The last time we climbed together was at Stoney. Unfit from exams, I’d gone there to do Kingdom Come, only to discover that the crucial protection bolt was missing.
He offered to clip the peg above the crux. In momentary weakness, I acquiesced. My relief ebbed, then abruptly died as he started to forcefully undercut creaking, unprotected flakes out to the right of the normal route and harder. Suddenly losing the sequence. Twitching and gibbering above the void.
Instinctively I grabbed the ropes to belay him, then realised there was no belay, he’d simply take me with him. As quickly, I let go, before shamefacedly wrapping the ropes around me again. Some things you can’t do.
Above his juddering body lunged, dark against brutal overhangs. Taut fingers scrabbled at the crucial layaway. The harsh click of metal against metal as he clipped the peg. Against all odds, we were still alive.
We finished the route, then drifted down to Rheinstor, in deference to my unfitness, played around on easier routes all afternoon. I never saw him again.
The first accident happened that summer, in Pembroke. A hold broke. He fell, from high up, and hit the ground. They said it wasn’t his fault, it was the sort of accident that could have happened to anyone. Except that it happened to him.
At first he was in a coma. He left hospital with brain damage. An ironic, bitter handicap to such a mind. The childlike prettiness of his face disfigured.
I meant to see him but didn’t, maybe couldn’t. Soon he was climbing again, not well but strong. Four hundred pull-ups a day. Not lazy at all, you see, he was never lazy. But life… what was life? He wanted, they said, to die in the hills.
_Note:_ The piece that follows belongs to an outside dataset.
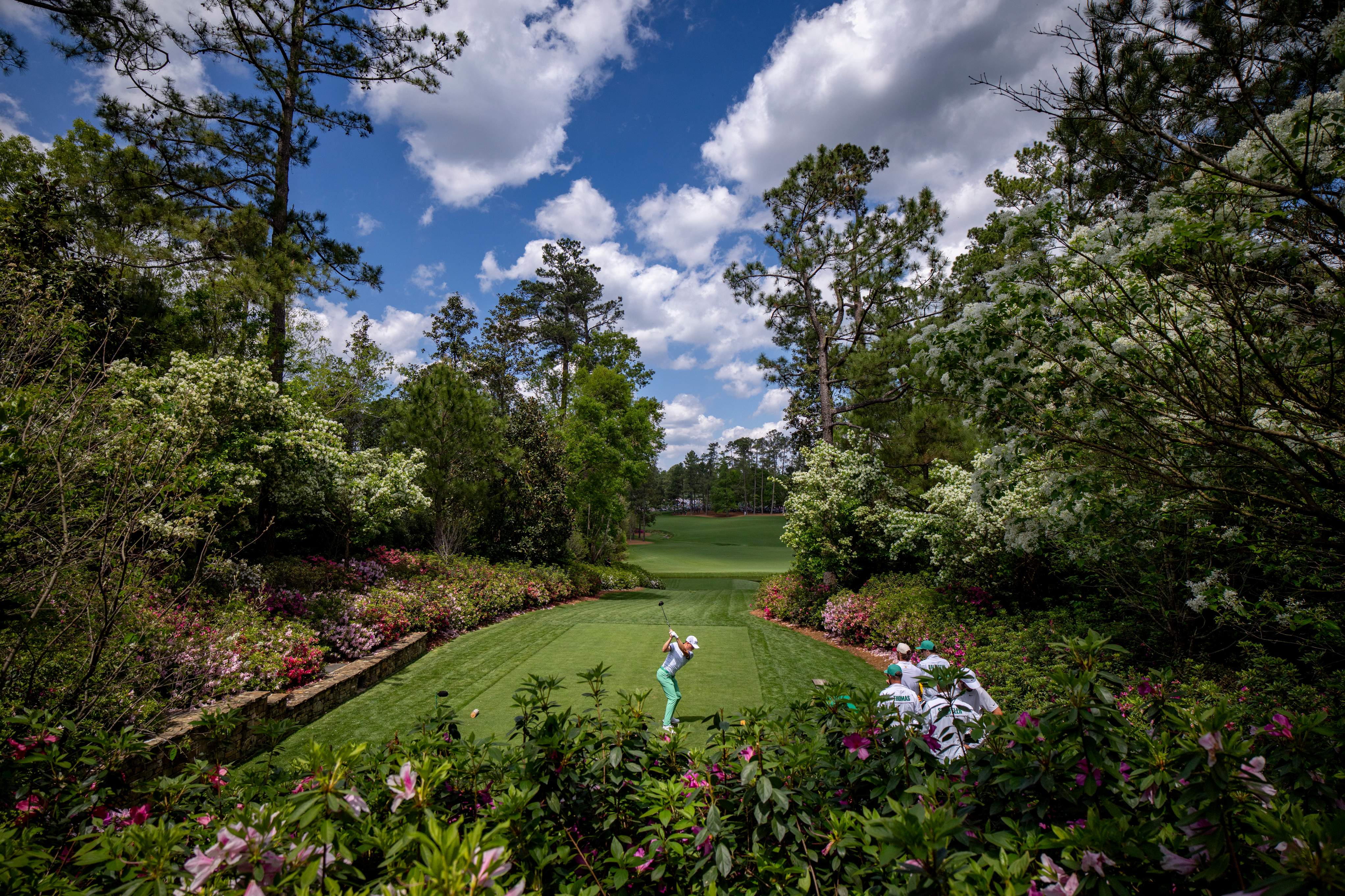 2025年、第89回マスターズ・トーナメントでショットを打つロレックス テスティモニーのジャスティン・トーマス。オーガスタ・ナショナルでは徹底して自然美が管理されている。©Rolex/Simon Bruty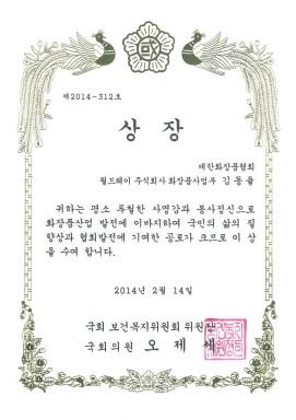[수상현황] 대한화장품협회-화장품산업 발전상

He did. He died on the Wastad, soloing a pokey, nasty little route that anybody could have failed on. A terrible, searing, bloody landing. No more.
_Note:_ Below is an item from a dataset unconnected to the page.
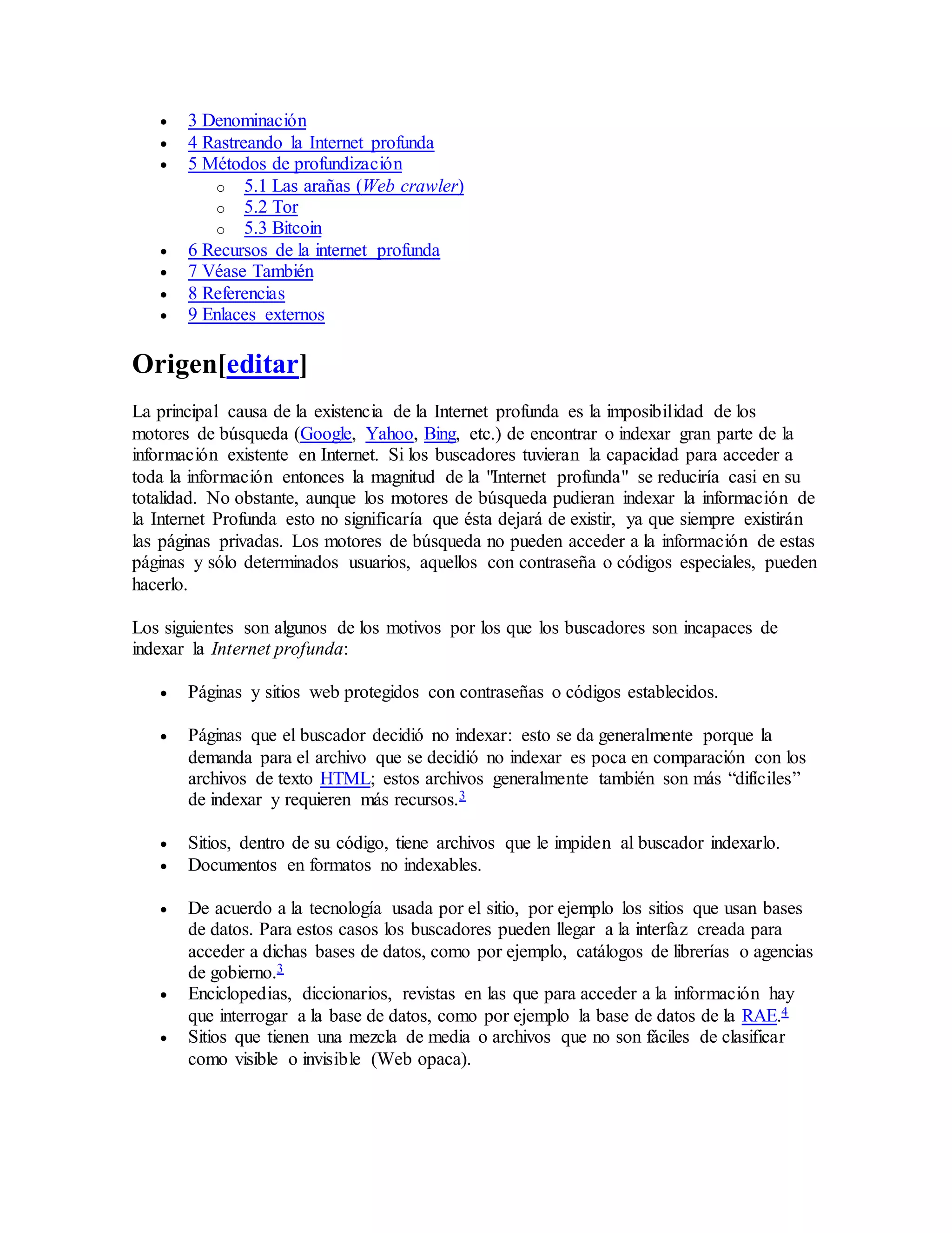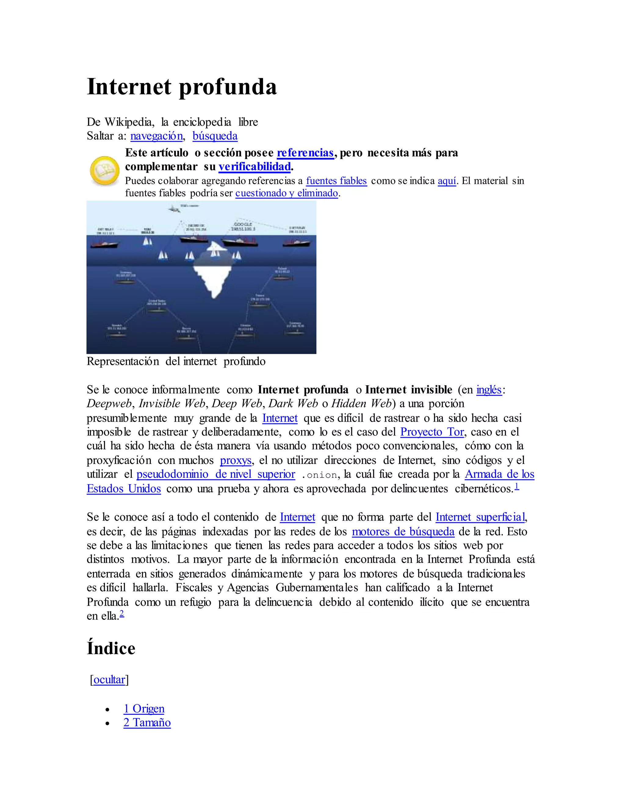 El documento describe la Internet profunda, que es una gran porción de contenido en Internet que no es indexada por los motores de búsqueda tradicionales. Se estima que la Internet profunda es 500 veces mayor que la Internet superficial y contiene información dinámica, privada y en formatos no indexables. El contenido de la Internet profunda solo es accesible a través de métodos como Tor o buscadores especializados.

Gail told me, in a back-street pub in Sheffield. One more death in a litany of deaths. But this one, I knew instantly, was the one from which I would never recover. For his face was the most fragile, the most innocent, the most vulnerable. Gently she led me, uncontrollable with grief, out of the pub, past the sniggers and the uncomprehending stares.
His funeral; I’d missed it. But at least others came. For an awful moment, I feared there would have been next to no-one.
They scattered his ashes at Stoney, which truly had been his home. Even now, years later, as I drive along the dale, I glance up, quickly, instinctively, half-expecting to see him bouldering above Windy Ledge. No more.
When they scattered his ashes, a certain notable was bouldering in the bays. Some of the ashes swirled past on the wind, drifted onto a crucial hold. Our notable thus bounced up his problem, ironically commenting, “I always knew the little bugger would be good for something, after all.”
Some people can inspire hatred. This was one such.
So, even after death, ignominy continued. A magazine article blatantly disparaged when there was no need. What further misery may his mother have endured?
But now he is gone. Long gone. The ignominy and the loneliness far behind him. And the soloing… a harsh medium indeed in which to decipher one’s troubled image.
Talent there was in plenty. But talent bloodily uprooted before ever it had a chance to nurture, to bear testimony.
Ashes. Now there are only ashes.
Noddy (Neil Molnar) was a member of the early 1980s Stoney coterie. He was a friend of Jerry Moffatt and is mentioned in Jerry’s autobiography, ‘Revelations’. Although it’s more than 30 years since he died, he’s still remembered.